また、アロマセラピストは、一定期間の通学が必要ですが、比較的取り組みやすいビジネス分野と言えます。
自宅の一室をサロンとして利用することで、家事や子育てがある主婦でも、両立しやすいと言えます。
趣味や才能、経験を活かすビジネス
多種多様な業種や業態が考えられますが、代表的なビジネスを紹介します。
自宅で料理やヨガ教室
自分の趣味や才能を活かす起業としては、様々なパターンが考えられます。
小物づくりや裁縫、料理、パン作りなど、普段は自分で意識をしないで当たり前に行っていることも、起業につながる可能性があります。
人気があり、比較的少ない資本や自宅で始めることができるビジネスとして、料理教室やヨガ教室などがあります。
コンサルタント
専門的な分野で経験を持っている場合は、コンサルティングなら、開業時のコストをほとんどかけずに始めることができます。
資格や免許も必要なく、困っている人に合わせて問題解決策を提案できれば、どんなクライアントでも獲得可能です。
ペットビジネス
ブリーダーが良く知られていますが、人気の犬や猫を繁殖させて販売するビジネスです。
また、販売だけでなく、レンタルペットも人気があります。
長期的に世話をすることができない動物好きな方や、老人ホームなどの施設へのレンタルです。
占い師
ネットや電話での占いも人気があり、開業するための施設や事務所も不要で、空いた時間があれば起業することができます。
基本的に資格は必要なく、豊富な人勢経験や実力次第でクライアントをつかむことができます。
起業する主婦を応援する支援制度
ビジネスを始めたり、軌道に乗せたりするためには、自分のアイデアや工夫で頑張る必要がありますが、資金面などで支援を受ける方法もあります。
起業する方向けの中でも、主婦や女性の方に対象を絞った公的な支援制度が提供されています。
女性、若者/シニア起業家支援資金
日本政策金融公庫が行う各種融資制度のうち、女性の起業家に融資するための支援です。
新たに事業を始めるためや、事業開始後に必要とする資金融資を受けることができます。
最大融資額は7,200万円で、そのうち運転資金として最大4,800万円まで融資を受けることができる制度です。
新創業融資制度(女性小口創業特例)
新規に起業される方や起業して間もない方を対象に、無担保・無保証人で融資を利用する事ができる制度で、日本政策金融公庫が実施しています。

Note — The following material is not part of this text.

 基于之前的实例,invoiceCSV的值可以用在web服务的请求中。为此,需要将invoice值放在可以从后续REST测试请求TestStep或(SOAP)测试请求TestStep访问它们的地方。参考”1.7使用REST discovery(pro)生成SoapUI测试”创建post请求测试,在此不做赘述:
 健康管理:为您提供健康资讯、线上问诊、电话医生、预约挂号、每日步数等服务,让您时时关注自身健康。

新創業融資制度の貸付は3,000万円が限度額ですが、女性小口創業特例の場合は300万円の資金融資を受けることができます。
この特例では、融資の際に、雇用の創出や経済の活性化、起業での勤務経験などの要件を満たす必要がなく、主婦が借りやすいことが特徴です。
地方自治体の融資
東京都 女性・若者・シニア創業サポート
女性や若者、シニアで、都内で起業される方や起業後5年未満の方を対象に、低金利・無担保・無保証人など有利な条件で融資を受けることができる、東京都の支援制度です。
融資限度額1,500万円で、運転資金だけでも750万円を限度として融資を受けることができます。

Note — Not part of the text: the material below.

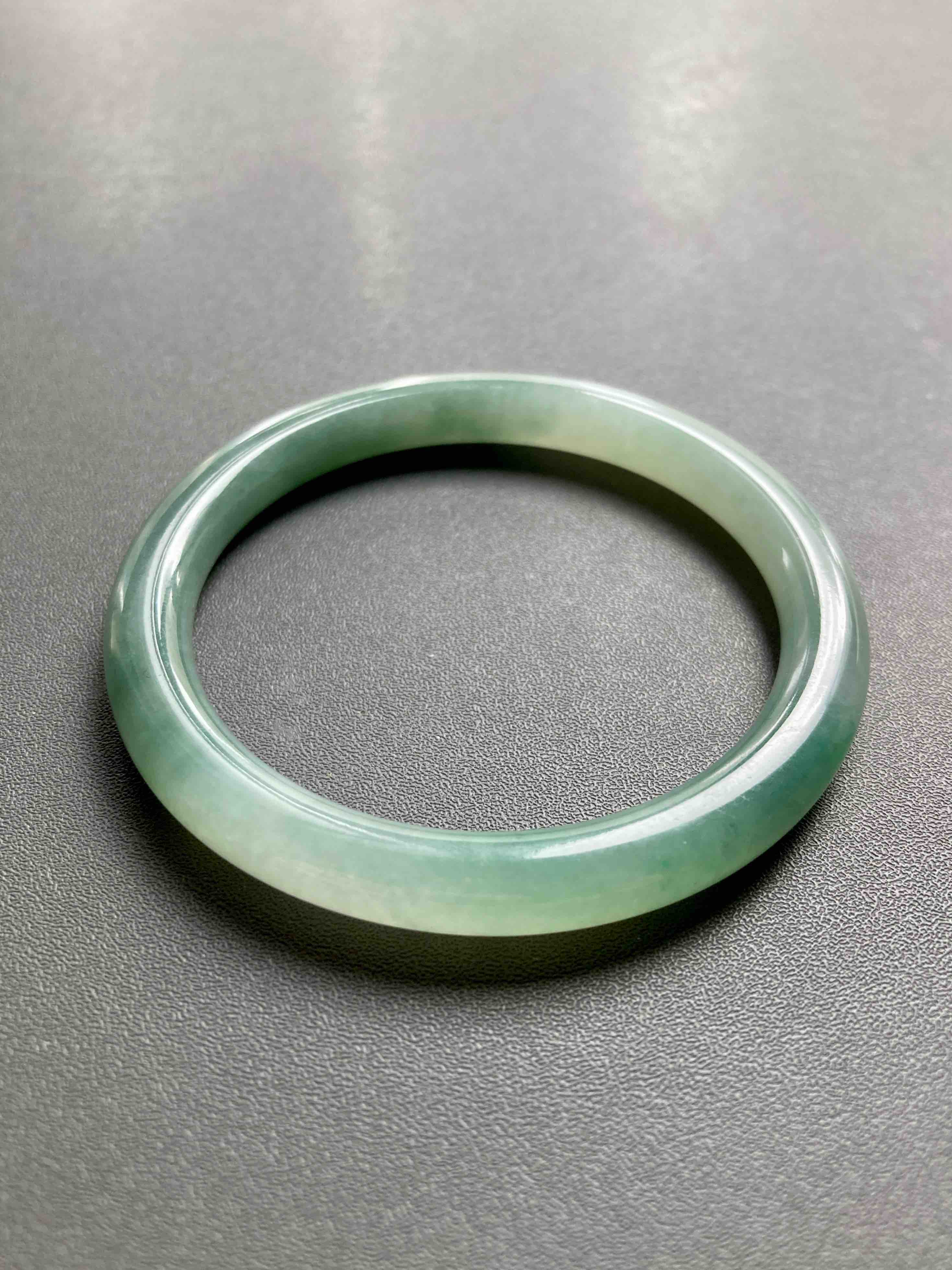 糯冰种晴水绿飘花翡翠细圆条手镯53

また、事業計画や経営、決算書作成について、セミナーや個別相談でアドバイスを受けることもできます。
その他の公的な融資や支援制度
東京都以外の自治体でも、主婦や女性を対象とした公的融資や、起業を支援する制度が提供されています。
横浜市では女性向けの起業資金を融資する「女性おうえん資金」、福岡市では「スタートアップカフェ」が提供されています。
スタートアップカフェでは、事業計画や資金、起業家同士の交流、事務所探しなど、起業について無料で相談できます。
青色申告で確定申告を
雇われていれば年末調整があり、特別なことがなければ確定申告をする必要がありません。
しかしながら、個人事業主や会社は、自分で確定申告を行わなければなりません。
確定申告は、白色申告と青色申告の2種類あり、それぞれメリットやデメリットがあります。
白色申告は会計処理が単純なのに対し、青色申告は記帳が複雑で簿記の知識が必要です。
しかしながら、青色申告なら、最大65万円まで控除を受けることができるメリットや、家族への給与が必要経費と認められるなどのメリットがあります。
記帳は会計ソフトなどを利用することもできますから、メリットの大きい青色申告を選択することをおすすめします。
まとめ
収入を増やしたい、自分を生かせる充実した時間を持ちたい、やりがいや生きがいを感じたいけれど、どうしたらいいか戸惑っている。
そんな方は、まずは一歩踏み出す勇気を持つことが大切です。
主婦は家の中心ですから、夫や家族の理解や協力が必要です。
また、起業するとなれば、それなりの努力や覚悟も必要になります。
計画性を持って始めることが重要なのは、言うまでもありません。
成功例から見ても、アイデアや資格、経験などがあるのなら、あとは積極性と強い意志、継続する力を持てば、成功につながる大きな可能性を秘めています。